Nevertheless, Depp has more than a few chillingly effective scenes as Bulger, a violent hood who emerges from an extended stint in Alcatraz and goes about taking control of his old South Boston neighborhood. Whitey plays cards with his dear ol’ Ma , he dotes on his son, he takes care of lifelong pals and the good people of the neighborhood — but he’s also a sociopath who floods schools with drugs and routinely murders enemies and disloyal associates.

Joel Edgerton is Connolly, who has idolized Whitey since they were kids. Now an ambitious but not overly bright FBI agent, Connolly persuades Whitey to become an informant against the Italian mobsters running northern Boston. In return, Connolly and the Bureau will look the other way when it comes to Bulger’s criminal activities — as long as he doesn’t go too far. (Shades of “American Hustle,” without the outlandish scenes and the wicked humor.)
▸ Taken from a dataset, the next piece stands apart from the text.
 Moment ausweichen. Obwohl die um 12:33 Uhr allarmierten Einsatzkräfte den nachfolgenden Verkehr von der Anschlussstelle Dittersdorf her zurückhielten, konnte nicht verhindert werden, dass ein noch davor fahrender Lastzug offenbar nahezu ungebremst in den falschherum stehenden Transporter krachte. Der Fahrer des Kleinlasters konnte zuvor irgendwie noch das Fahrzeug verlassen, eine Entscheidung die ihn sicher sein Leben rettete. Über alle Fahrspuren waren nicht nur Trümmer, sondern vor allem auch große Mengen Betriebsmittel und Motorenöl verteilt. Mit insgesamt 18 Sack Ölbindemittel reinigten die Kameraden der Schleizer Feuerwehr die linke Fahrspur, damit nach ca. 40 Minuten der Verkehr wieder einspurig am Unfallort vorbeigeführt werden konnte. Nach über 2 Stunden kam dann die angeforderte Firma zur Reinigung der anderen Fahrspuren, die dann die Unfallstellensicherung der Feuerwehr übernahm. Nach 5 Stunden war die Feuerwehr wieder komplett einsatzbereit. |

Fine actors from near and far try their hands at Boston accents as they weave in and out of the story. Benedict Cumberbatch brings a Kennedy-esque touch to his performance as Whitey’s younger brother Billy, a powerful politician.

Kevin Bacon and Adam Scott are FBI operatives. Dakota Johnson and Julianne Nicholson do fine work in small roles as spouses in hopelessly doomed relationships. Jesse Plemons and Peter Sarsgaard are terrific in villainous roles.
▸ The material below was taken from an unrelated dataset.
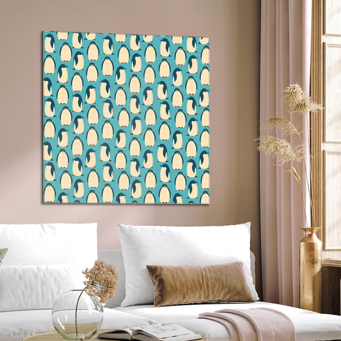 Quadratisches Wandbild aus Glas Königspinguine

Working from a script by Mark Mallouk and Jez Butterworth (who adapted a book by Dick Lehr and Gerard O’Neill), director Scott Cooper (“Crazy Heart,” “Out of the Furnace”) seems nearly as fascinated with the machinations of the FBI investigation, and Connolly’s increasingly reckless obsession with protecting his old friend Bulger at any cost, as he is with the story of Whitey Bulger.
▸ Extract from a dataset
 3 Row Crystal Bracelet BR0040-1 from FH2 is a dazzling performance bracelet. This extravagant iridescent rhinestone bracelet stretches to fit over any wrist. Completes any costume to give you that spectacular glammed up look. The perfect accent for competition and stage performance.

We get very little insight into what turned Bulger into such a psycho. After a few early glimpses into Bulger’s personal life, “Black Mass” devotes sparse attention to anything other than his criminal activities and his meetings with his pal Connolly. (In fact, scenes shot with Sienna Miller as Bulger’s girlfriend when he was a fugitive didn’t make the final cut.)

In one of the film’s most effective scenes, a dinner conversation turns cold and menacing, with Bulger letting an ally know he’d better not turn on him. It’s terrific stuff — but it’s far too reminiscent of the legendary “Funny how?” scene with Joe Pesci and Ray Liotta in “Goodfellas.”

Don’t go there if you can’t play with the big boys.

[s3r star=3/4]

Warner Bros. presents a film directed by Scott Cooper and written by Mark Mallouk and Jez Butterworth, based on the book by Dick Lehr and Gerard O’Neill. Running time: 122 minutes. Rated R (for brutal violence, language throughout, some sexual references and brief drug use). Opens Friday at local theaters.